Dubai’s Quest Energy is developing an independent power project (IPP) in Iran, in the latest sign that foreign firms are willing to invest in Tehran’s power industry despite US sanctions.
Table: Iranian power plans
|Fars 1 IPP capacity||1,000MW|
|Tabriz IPP capacity||1,200MW|
|Planned private capacity||38,000MW|
|IPP=independent power project. Source: MEED|
Quest is developing the €320m ($499) plant in partnership with Iran Power Projects Management Company (Mapna). The consortium will build a 1,000MW open-cycle gas-fired power plant at Shiraz. Mapna will supply the turbines, which will be built to a Siemens design. The project, known as Fars 1 IPP, will be financed by a group of banks led by the Islamic Development Bank.
Mapna and Quest have established Fars Gas Power Plant Company, which will develop the plant. The project company has signed a power purchase agreement and a long-term energy conversion agreement with the state-owned Iran Power Development Company (IPDC).
With demand for power growing at more than 8 per cent a year, and signs of supply shortages, the Iranian Energy Ministry is keen to attract more private investment to the power sector.
The residents of Tehran and other cities have been experiencing power cuts on a daily basis in recent weeks, without electricity for up to four hours a day as summer temperatures soar.
The country’s first private power plant was built in 2004 and Tehran is now planning to develop up to 43 new plants and privatise existing ones.
In July, it announced that it had issued licences for the development of build-own-operate and build-own-transfer projects. “More than 43 preliminary agreements have been issued and more than 38,000MW of private power capacity will be constructed,” says Davud Manzoor, deputy energy minister for strategic and integrated planning.
The ministry plans to privatise 10 existing power plants by the end of the year. “In the first step, the shares of eight thermal power plants and two wind power plants will be issued on the stock exchange,” says Manzoor. “The total capacity of these plants is nearly 8,000MW.”

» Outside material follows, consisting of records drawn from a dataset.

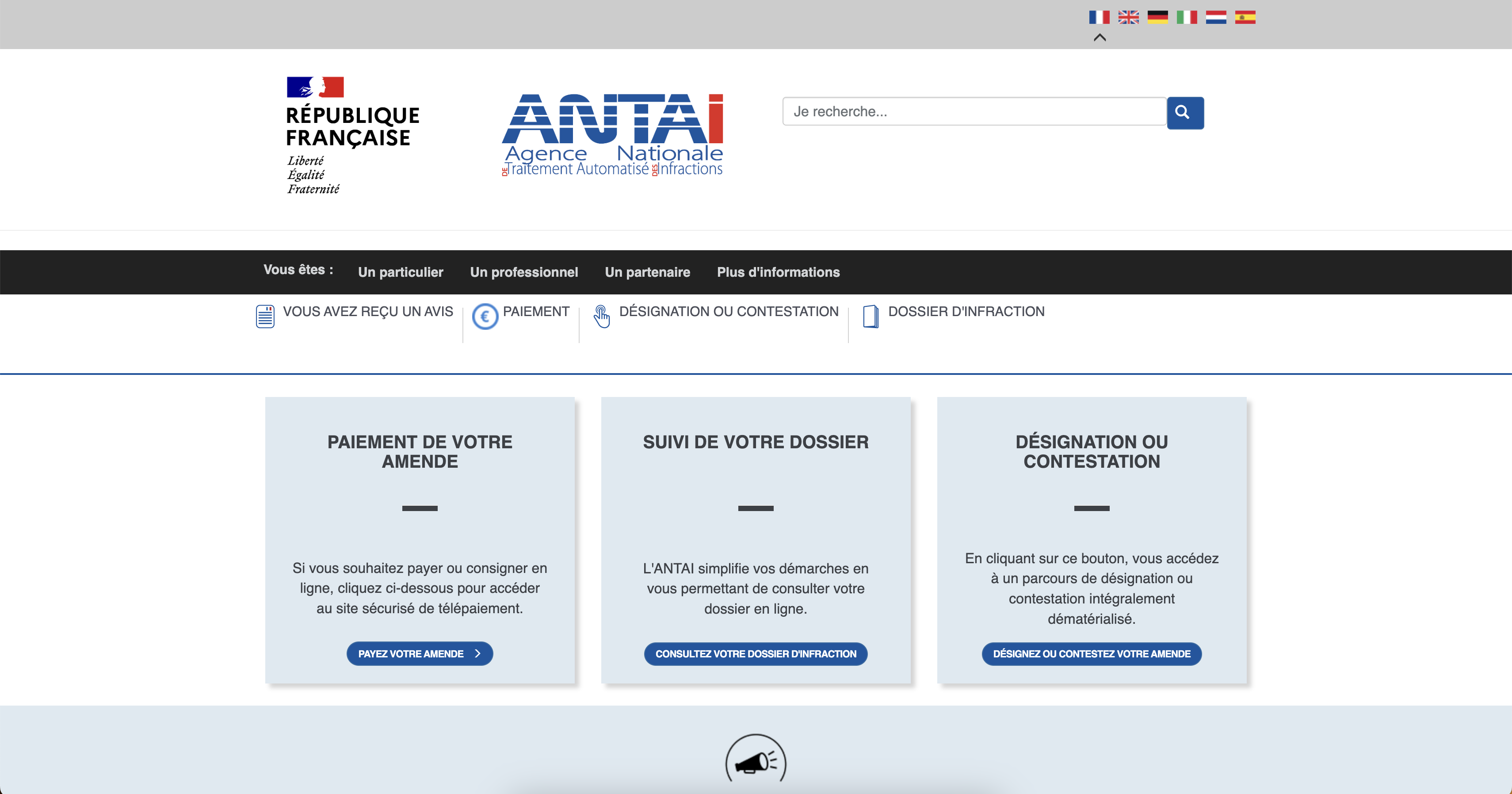 - Vérification en ligne : Vous pouvez vérifier l'existence d'une amende en ligne sur le site de l'ANTAI avec votre numéro d'immatriculation.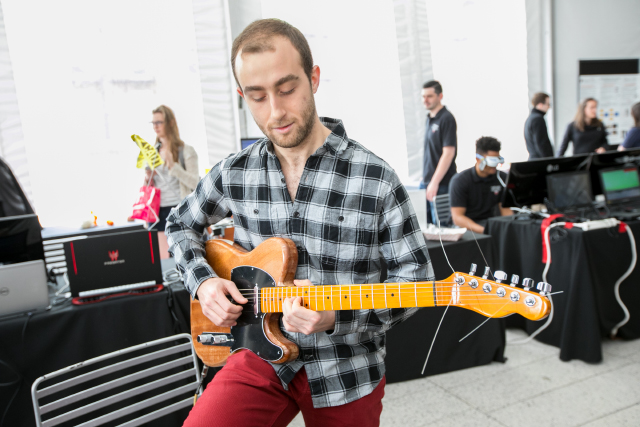 While other projects tackled thorny issues like helping immigrants access legal services or monitoring air pollution in the Amazon rainforest, some were purely for fun, like the electric guitar built by Paul Lisker, A.B. ’17, a computer science concentrator, for Computational Music Theory (AM 141).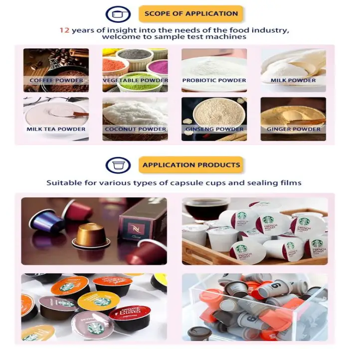 The machine is ideal for the beverage industry, food production facilities, dietary supplement companies, coffee capsule packaging, and pharmaceutical plants.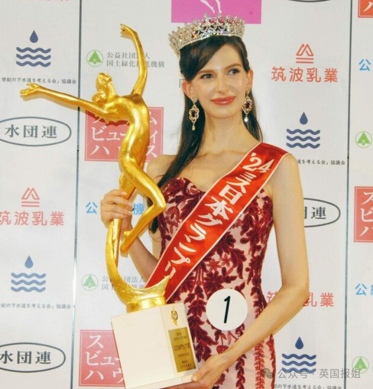 事实上,她的亲生父母都是乌克兰人,她本人去年才刚刚拿到日本国籍。很多人觉得她不应该成为“日本小姐”,白种人代表不了日本人的特质和文化。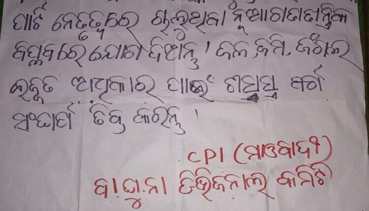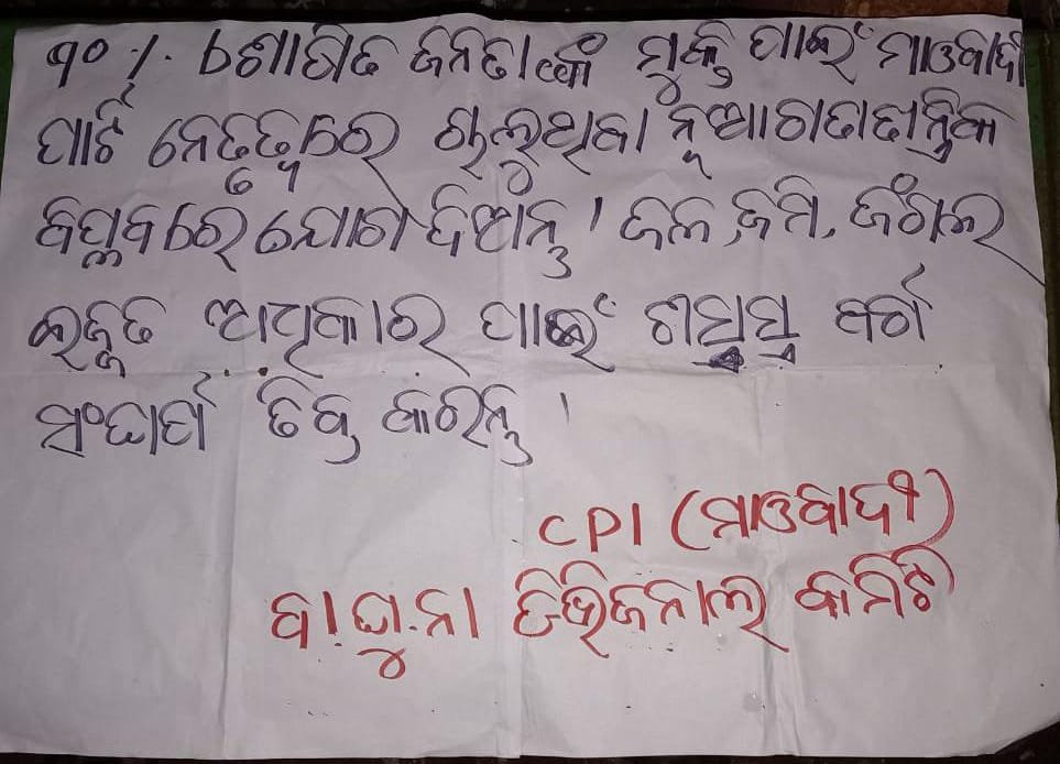 ରାସ୍ତାରେ ହାତଲେଖା ମାଓବାଦୀ ପୋଷ୍ଟର ।
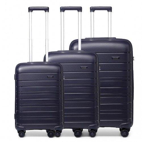 K2091L - Kono Multi Texture Hard Shell PP Suitcase 3 Pieces Set - Classic Collection - Navy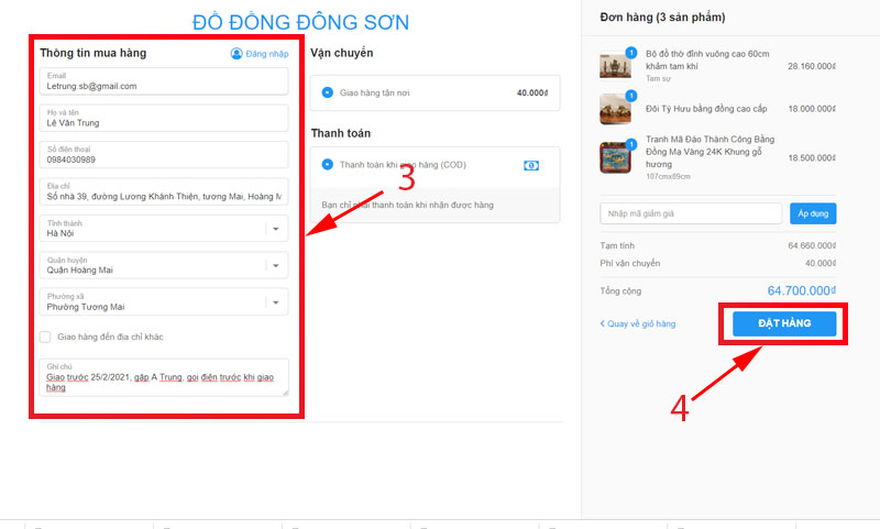 Bước 3: Quý khách nhập đầy đủ thông tin cho đơn hàng và tiến hành đặt hàng.

Manzoor says the ministry would like to attract both local and international developers.
US-led sanctions against the country mean that Western companies are unlikely to invest in Iran, but some Gulf investors have attempted to enter the market.
Saudi Arabia’s Xenel Industries had planned to develop a 1,200MW IPP at Tabriz, but the project has been on hold since last year because of disagreements over price with IPDC. (MEED 21:12:07).
“Four years ago, the deal could have happened,” says one source close to the project. “The power purchase agreement was initialled, but IPDC never accepted the tariff. The availability of credit is now much less and the cost of power stations has gone up dramatically.”
In late July, the Iranian government announced that consumer electricity tariffs could be increased fivefold this year in a further effort to reduce demand for power in the face of increasing supply shortages.
Prices could increase to IR770 ($0.08) a kilowatt hour (kWh) from the current tariff of IR160 a kWh. “Prices have been very cheap for a long time,” says one industry source.
The official inflation rate in Iran is 26 per cent.
The deal with Quest Energy builds on other links between the UAE and Iran. A feasibility study was recently completed on a proposed electricity interconnection between Dubai and Iran.
The 180-kilometre-long, 1,500MW interconnection will use high- voltage direct current to supply Dubai with power from the Iranian national grid (MEED.com 24:7:08).